## STUDY MATERIAL
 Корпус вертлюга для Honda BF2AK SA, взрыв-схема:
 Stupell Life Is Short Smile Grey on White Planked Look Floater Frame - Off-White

...

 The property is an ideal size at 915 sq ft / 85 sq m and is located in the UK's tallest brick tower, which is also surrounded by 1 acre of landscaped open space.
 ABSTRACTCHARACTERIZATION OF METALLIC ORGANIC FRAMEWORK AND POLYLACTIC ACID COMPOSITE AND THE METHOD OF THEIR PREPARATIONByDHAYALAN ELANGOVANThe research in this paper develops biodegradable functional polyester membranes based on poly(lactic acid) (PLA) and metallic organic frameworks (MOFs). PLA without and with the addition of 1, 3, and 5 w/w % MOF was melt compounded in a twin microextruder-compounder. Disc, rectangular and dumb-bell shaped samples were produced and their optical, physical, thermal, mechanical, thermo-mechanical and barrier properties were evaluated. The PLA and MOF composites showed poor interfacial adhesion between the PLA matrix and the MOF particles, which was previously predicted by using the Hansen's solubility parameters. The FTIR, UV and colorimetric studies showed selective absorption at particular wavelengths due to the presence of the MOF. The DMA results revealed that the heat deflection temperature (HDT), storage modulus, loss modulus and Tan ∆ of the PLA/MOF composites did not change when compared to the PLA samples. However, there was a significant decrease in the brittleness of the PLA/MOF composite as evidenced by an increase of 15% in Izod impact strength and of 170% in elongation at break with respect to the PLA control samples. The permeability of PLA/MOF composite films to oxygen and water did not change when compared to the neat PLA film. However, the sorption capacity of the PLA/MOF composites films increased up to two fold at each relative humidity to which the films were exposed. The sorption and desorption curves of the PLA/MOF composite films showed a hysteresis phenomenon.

==

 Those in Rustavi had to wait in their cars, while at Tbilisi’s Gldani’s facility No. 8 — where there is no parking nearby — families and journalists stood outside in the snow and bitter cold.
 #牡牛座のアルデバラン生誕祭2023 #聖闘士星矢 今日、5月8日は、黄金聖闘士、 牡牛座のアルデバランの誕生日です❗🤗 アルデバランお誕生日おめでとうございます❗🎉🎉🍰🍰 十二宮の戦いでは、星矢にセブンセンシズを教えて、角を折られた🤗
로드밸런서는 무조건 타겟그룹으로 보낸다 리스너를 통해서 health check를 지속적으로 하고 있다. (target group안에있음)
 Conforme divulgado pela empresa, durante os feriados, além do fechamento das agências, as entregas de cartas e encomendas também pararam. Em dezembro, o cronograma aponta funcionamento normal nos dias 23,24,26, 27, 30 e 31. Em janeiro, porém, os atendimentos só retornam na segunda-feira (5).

## YOUR INSTRUCTIONS
All lines above from the line with "Корпус вертлюга для" through the line with "Stupell Life Is", both included, are to be set down exactly, with nothing else.

## SOLUTION TO THIS EXERCISE
 Корпус вертлюга для Honda BF2AK SA, взрыв-схема:
 Stupell Life Is Short Smile Grey on White Planked Look Floater Frame - Off-White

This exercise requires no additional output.